We began with 264 starting features. Features with a correlation coefficient larger than 0.7 were replaced with a representative feature. The feature variation of the repeated experiments and different analytes are calculated by comparing the single feature histogram for one experiment with the accumulated histogram for multiple repeat experiments. The difference between the repeated runs histogram and the accumulated histogram of the given analyte is assigned as in-group fluctuation (variation of the repeats). The difference of the normalized histogram between the possible analyte pairs is out-group fluctuation (variation of the analytes). The features were ranked by the ratio between the in-group fluctuation and the out-group fluctuation, and the low ranked features were dropped. The surviving features were evaluated by the classification accuracy, and an optimized set of features chosen to get the maximum true positive accuracy.
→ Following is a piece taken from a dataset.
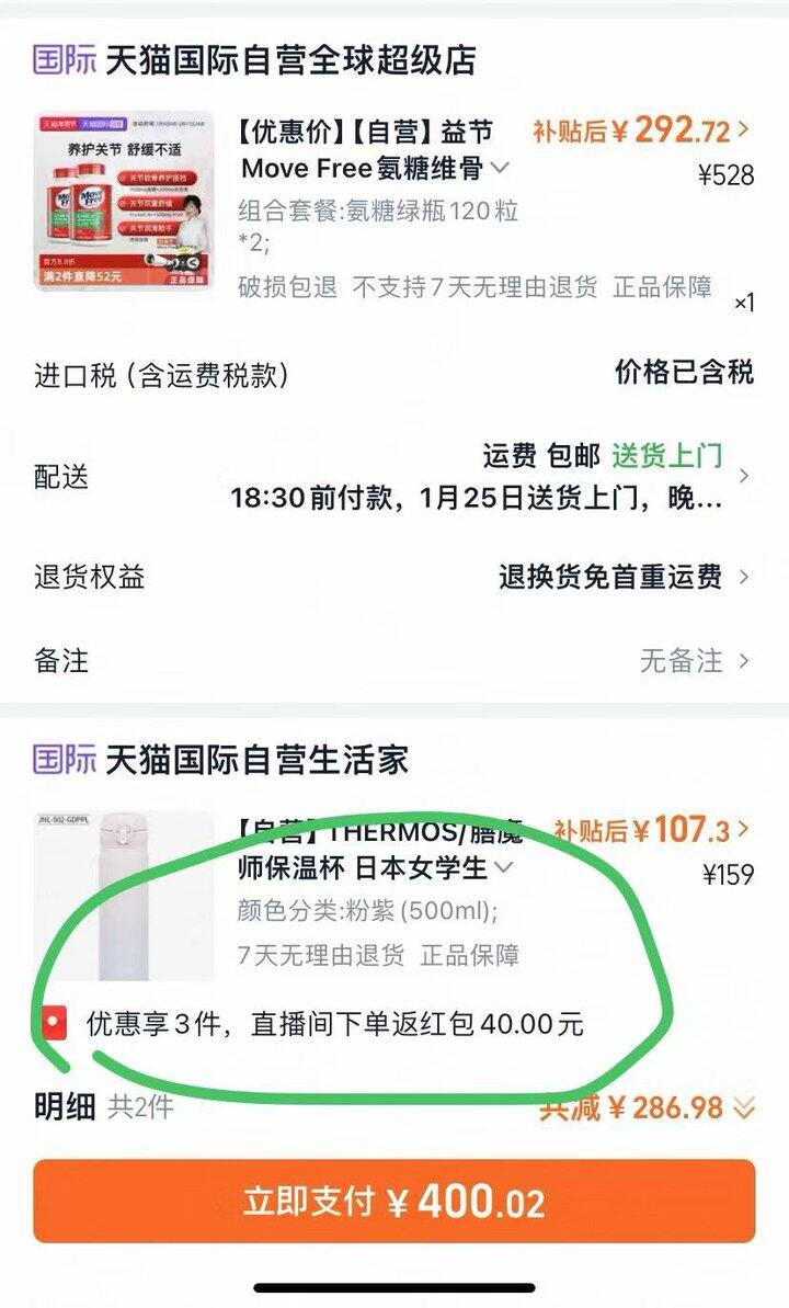 叠加88会员消费券480-60,Move Free氨糖维骨力软骨素关节绿标氨糖120*2到手292.7,直播加购可以再返40元直播红包,提交订单的时候可以看到,相当于到手252.7,折1.05/粒,很好的价格了!

RT signals that were strongly correlated with z-piezo signal and the water signals (no analyte present) were removed from the data pool. To avoid tunnelling distortion by z-piezo servo control, the clusters highly correlated with z-piezo displacement were removed. With the threshold 0.1 for z-piezo correlation coefficient, ∼10% of peaks are rejected by this process. The water class was defined by the control experiment and the corresponding class in analyte RT signals was rejected. The results in Tables 1 and 2 are obtained with ∼50% rejection of peaks by threshold 0.7.
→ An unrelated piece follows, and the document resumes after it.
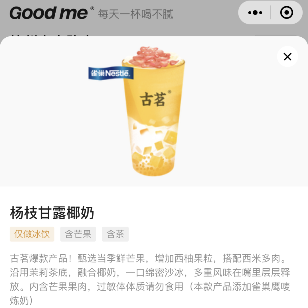 杨枝甘露虽经典,但古茗口感丝滑、质地温柔的这一杯还是惊艳了味蕾。融入了雀巢鹰唛炼奶便是其中的点睛一笔。

We used the kernel-mode SVM available from https://github.com/vjethava/svm-theta. The SVM running parameters C and gamma were optimized through cross-validation of randomly selected sub data set. Full details of the SVM (written in Matlab) can be found in the website: https://github.com/ochensati/SVM_DNA_TunnelVision

RT quantitation of α-^MGlu

A 1.0 mM stock solution of α-^MGlu in the phosphate buffer was diluted to various concentrations from 500 μM to 100 pM. For each measurement, an analyte solution (200 μl) was injected into the liquid cell using a syringe attached to a micro filter. After the measurement, the liquid cell and electrodes were rinsed with the phosphate buffer solution (3 ml) through the fluidic channels to obtain a clean control signal. A pair of electrodes was able to carry out three measurements with different concentrations and the measurement at each concentration was repeated at least two times (Supplementary Table 7). The isotherm absorption data were analysed in software OriginPro 2016 using the Levenberg–Marquardt algorithm for fitting to a Langmuir equation: f(x)=a × (b × x)/(1+b × x).

Data Availability

All data is available from the authors on reasonable request.